Why is the changing her life part (losing weight and getting a divorce after seeing Bigfoot) relevant? Did she leave her husband to try to get with Bigfoot and is suing the state because they claim her new beau doesn’t exist? Wild!
Right, see, those are relevant because they show the value of that inspiration. Inspiration that could have brought many more valuable changes to her life if she still had it, but sadly the park service stole that inspiration from her, along with many potential benefits it could have brought her if they'd just let her remain blissfully ignorant of the true identity of the inspiring bigfoot she thought she saw.
No, you've misunderstood. She married the Bigfoot and now she's suing because she was perfectly happy not knowing he was just a bear. They had a destination wedding in London and the divorce lawyer's bear-wedding annulment fee was 125 pounds.
No way man tell you what my brother skeet done seen that dang ol sasquatch when he went to to Calistoga to seent his two brothers Jim and Jed. See they was out huntin one day though I think Jed was out evadin the police on accounta he's got warrants and unpaid could support, an he an Jim are wanted by the bondsman see, so they was out huntin deep in them woods up there up by the squirtin hole and them old rock woods you know? Anyway they was out there and they seent him. Big ole samskatch.

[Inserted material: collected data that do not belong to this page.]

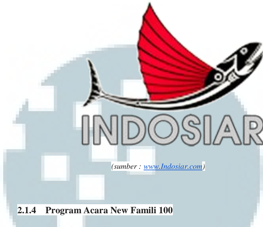
Gambar 2.2: Logo Indosiar Bentuk Ikan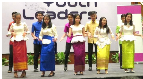
カンボジアチーム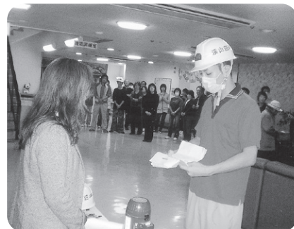
11月9日 夜間避難訓練 みんなが無事に避難できるように訓練しています。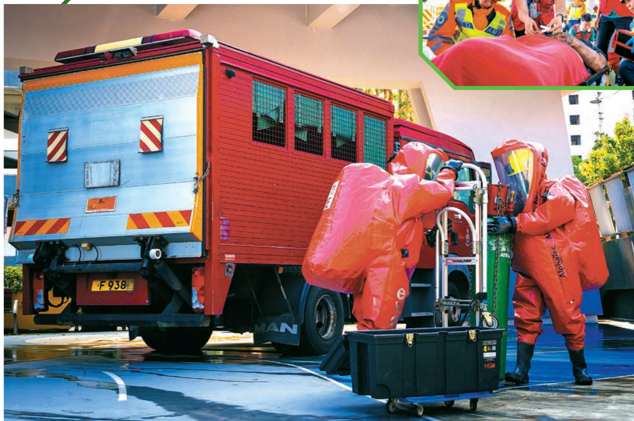
◀部門去年十月十五日聯同康樂及文化事務署、警務處、民政事務總署、民眾安全服務隊及醫院管理局，在香港單車館舉行突發事故演習。圖示危害物質專隊到場協助救援。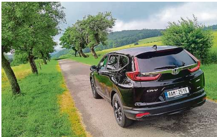
Průměrná spotřeba hybridu byla během testu na hodnotě 7,2 litru na sto.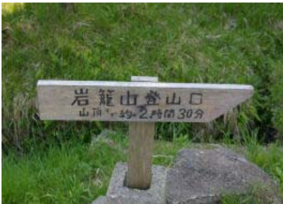
駄口登山口 (ドライブインしのはら)

岩籠山の山頂で食事とした。インディアン平原を望みながらの昼食であった。インディアン平原はササと大きな岩が特徴。地点③の分岐にもどり、駄口コースを帰路にとる。途中のブナ林の新緑を楽しみながらだった。たまたま、フデリンドウも見つけることができた。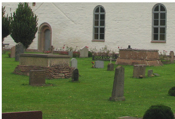
De två gravtumborna på södra sidan. Den äldsta närmast kyrkan är från 1600-talet (KI Råpplinge kyrkogård 68)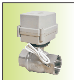
C540*2-32B II g24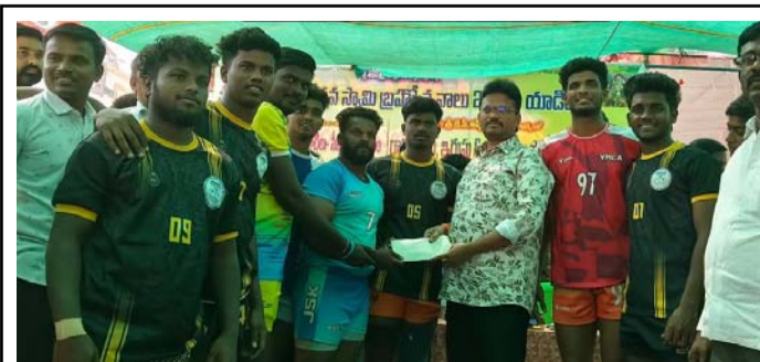
మూడవ బహుమతి గెలుచుకున్న జట్టు తమిళనాడు జట్టు నకదు అందుకుంటున్న దృశ్యం. 4 వ విజేతగా యాడికి జట్టు నగదు బహుమతి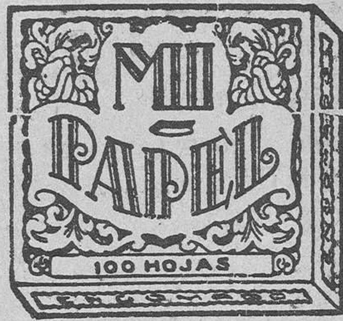
(MARCA DE FABRICA)

Casa matriz, Pelayo, núm. 62 (plaza Cataluña) Barcelona Teléfono 16,046

Tain't no yeti in no bear suit man maybe a Stanley though it were pretty big
I'm assuming this went down like the church scene from The Blues Brothers. Some lady goes out to the woods to get a little clarity where a bright light from heaven shines down on her and instead of James Brown, Bigfoot appears and says, "Have you seen the light!?"
And she's like, Yes! Yes! Jesus H Tapdancing Christ! I have seen the light!"
And just like that, she's off on a mission from God.
In order to sue you have to show damages. It seems like she can only show benefits. Maybe she can gain more weight than she lost before she goes to court and start dating an asshole or something.
There's no hierarchy in the sasquatch society. To them, 'bigfoot' is a slur. 'Skunk ape' is strangely a term of endearment (to them, we are their 'skunk apes', on account of the smell) 'Hairy man' is unnessecarily gendered. 'Orang Pendek' is fine, but also gendered. Wood ape' is a bit simplified, but fine. Yowie is used proudly by the Austral version, but secretly used as a bit of a slur by the North American variant to describe their southern cousins.
The Peladiens diplomatically refer to them as 'The honorable inhabitants'' (in contrast to humans, referred to just as 'the inhabitants')
Having seen plenty of bears on my visits to Yosemite and also on TV and such, I don't know how someone might confuse a bear standing on its hind legs with a giant ape-like creature unless they have never seen either a bear or an ape.